Sex Lives chronicles the evolution of one person’s sexual history. This week: Jonathan, 32, in Seattle.
I found out about porn on my own from our family computer; I stumbled into some stuff that was downloaded by either my older brother or my dad. I was raised very anti-sex-out-of-marriage, very religious. Porn was very sinful. Masturbation was sinful. I grew up with three brothers, so like we were all doing it but no one was walking about it. I drank the Kool Aid on the surface, but I just kept it a secret. I remember taking JCPenney catalogs that would come with the Sunday newspaper and taking the lingerie section to my room. That was probably my first “porn.”
I grew up as a Jehovah’s Witness; it was like a cult. I couldn’t have friendships with people who didn’t go to my church. My dad was a little more lenient than my mom and other parents in the church, so he would let us play public school sports.

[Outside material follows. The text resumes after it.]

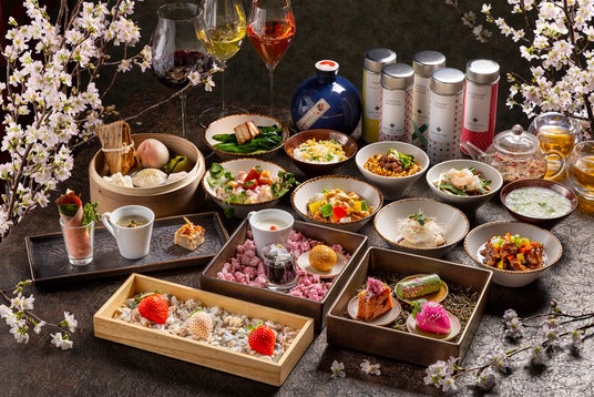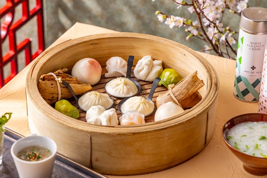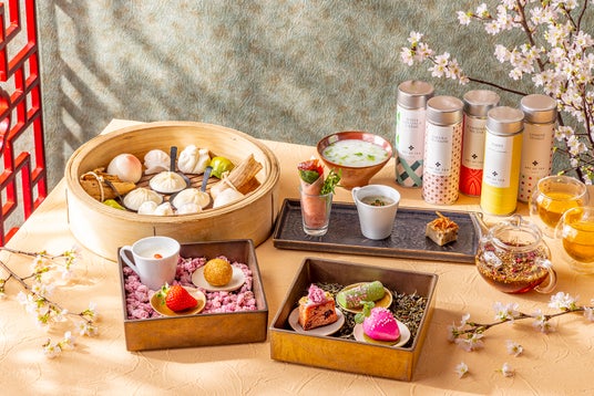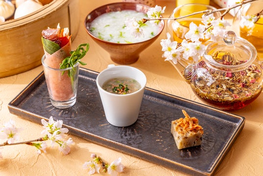お食事には、いちごと桜がアクセントの「ダックスキンロール いちごクレープで」や「ロメインレタス入り中華粥」などの軽食に加え、人気の小籠包、翡翠餃子、桃饅頭など計6種類の蒸し点心が食べ放題で楽しめます。さらに、ロサンゼルス発プレミアムティー「ART OF TEA」の春を彩る中国茶6種類を飲み放題でご提供。

But I still never went to a high school party or to a friend’s house unless they were in my church. And there was only one family that had kids my age, so that was the only friend’s house I ever went to. But because I went to public school—I was in Vermont, in a very liberal town, and I went to a pretty artsy school—I did get sex ed in 7th and 8th grade. They’d talk about sex and masturbating and I remember other kids sharing their experiences in class and just being blown away—and also silent because that was unheard of in my family.

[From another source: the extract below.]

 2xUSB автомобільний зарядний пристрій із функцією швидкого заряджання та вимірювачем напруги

I was probably 21 when I lost my virginity and it was to a coworker I’d gotten close to throughout that year, and we started hanging out more. I was more independent then than when I was a kid. I lost my virginity to her, but we did oral and messed around before we actually had penetrative sex. I felt super guilty afterward. Not because I was afraid of God or felt like I did something wrong, but because I knew I had to keep it a secret. I lived in a small town and all my aunts and uncles and cousins lived so close to us, so I couldn’t just hang out with this person or go out to dinner without being seen. So I felt guilty; it just made me feel bad. We continued to date and I left Vermont later that summer.
I ended up marrying her and later we got divorced, but I’m jumping ahead. She was not in the church, so I very much had to throw that part of my life away. When we got married in 2015, my parents wouldn’t come to the wedding. My brothers wouldn’t come to the wedding. Marrying someone outside of the church is viewed as you having sinned, so they basically cut you off from your life if you’re not in the church anymore.